■ TASK REQUIREMENTS: Your copy should begin at the line containing "Stationary Systems Page 8" and end at the last line of the records below, matching each line exactly and leaving out pictures.

*** MATERIAL FOR THIS TASK

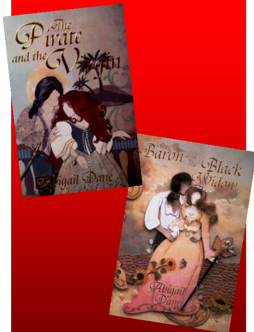
Above: Covers for The Pirate and the Virgin and The Baron and the Black Widow were created in the same way as the cover for The Viscount and the Valet .
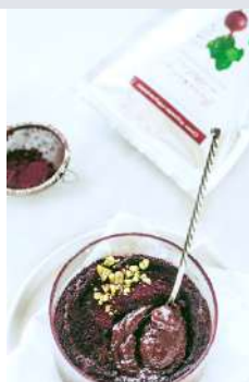
BEETROOT POWDER Organic & Conventional PACK: 100 G / 1 KG / 25 KG
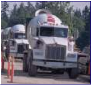
Odum Concrete roll a few trucks in with the concrete for the slab-on-grade foundation that the complex will be built on.
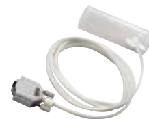
100400 Spirometry Upgrade for CP 200™
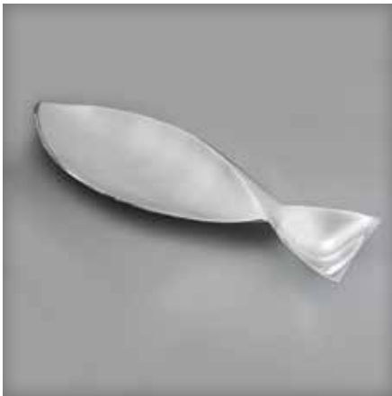
6740MB047 Fish Platter 25 1/2" L X 8" W 6740MB048 Minnow Fish Platter 18" L X 6" H DESIGNER Wei Young
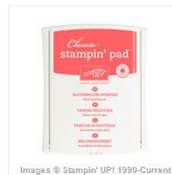
Watermelon Wonder Classic Stampin' Pad - 138323
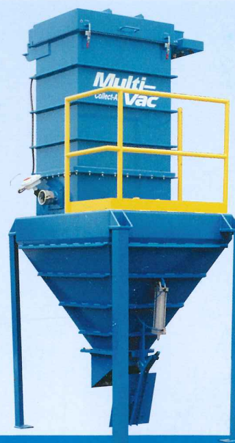
Stationary Systems Page 8
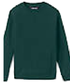
Sweatshirt Colors: Hunter green & gray
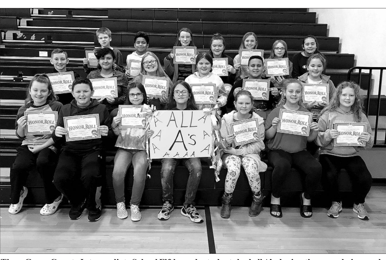
These Green County Intermediate School Fifth grade students had all A's during the second nine weeks.

******

■ THE ANSWER:
Stationary Systems Page 8
Sweatshirt Colors: Hunter green & gray
These Green County Intermediate School Fifth grade students had all A's during the second nine weeks.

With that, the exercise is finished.